In the same month, the SEC created an enforcement task force on climate and ESG issues, which will develop initiatives to identify ESG-related misconduct. It will look for material gaps or misstatements in issuers' disclosure of climate risks, and will analyze disclosure and compliance issues related to ESG strategies used by investment managers and funds. The SEC also established a web page to help the public keep track of the regulator's ESG-related activity. The site is part of the agency-wide response to soaring demand from investors for information about climate and ESG issues.
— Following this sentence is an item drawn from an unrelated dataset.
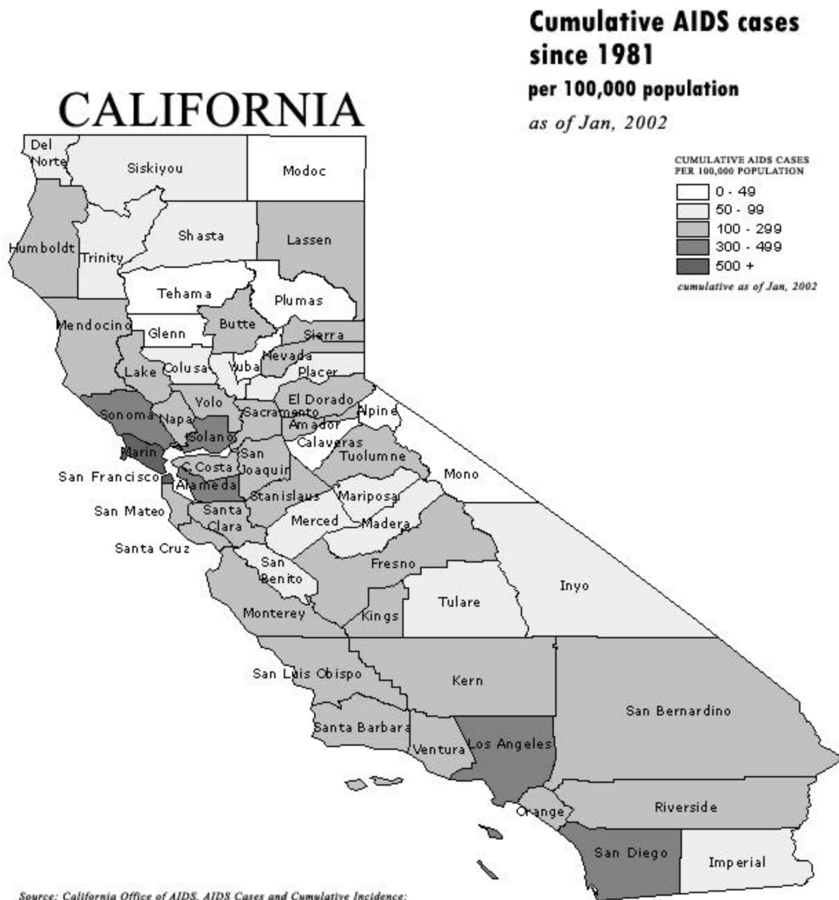
MAP 1: CUMULATIVE AIDS CASES IN CALIFORNIA SINCE 1981

EU ESG rules expand in scope and detail

The EU Sustainable Finance Disclosure Regulation (SFDR) must be implemented on dates ranging from March 2021 to end-2022 and is one part of a wider package of ESG rules impacting asset managers and asset owners (including investment funds). The SFDR requires companies to disclose whether and how ESG factors are integrated into investment decisions, and by end-2022, whether and how adverse impacts are considered. Each investment strategy or fund must be classified into one of three categories. The company-level and product-specific disclosures must be included in pre-contractual documents, periodic reports and on firms' websites. Also, firms must publicly disclose how their remuneration policies are consistent with the integration of sustainability risks.

Detailed Level 2 rules, including mandatory reporting templates, should have been issued by end-2020 and still await final adoption by the Commission, but the March 2021 deadline was not delayed. Further, ESMA has consulted on rules to underpin the additional requirements for "light green" and "dark green" products under the SFDR, which were introduced via the Taxonomy Regulation. ESMA recognizes that firms face several practical difficulties:

  • Lack of data, especially on principal adverse impacts
  • Fitting the additional disclosures into products with length-constrained pre-contractual information documents
  • For managers of separately managed accounts, balancing the website disclosure requirements with client privacy and data protection rules
  • For smaller firms, meeting growing compliance costs, due to lack of economies of scale

The Commission has issued amendments to existing rules under the Markets in Financial Instruments Directive (MiFID II), the UCITS1 Directive and the Alternative Investment Fund Managers Directive (AIFMD). In addition to clarifying implications of the SFDR, firms will need to consider clients' ESG wishes in suitability assessments and incorporate consideration of sustainability risks into their investment risk processes, product governance and conflicts of interest policies.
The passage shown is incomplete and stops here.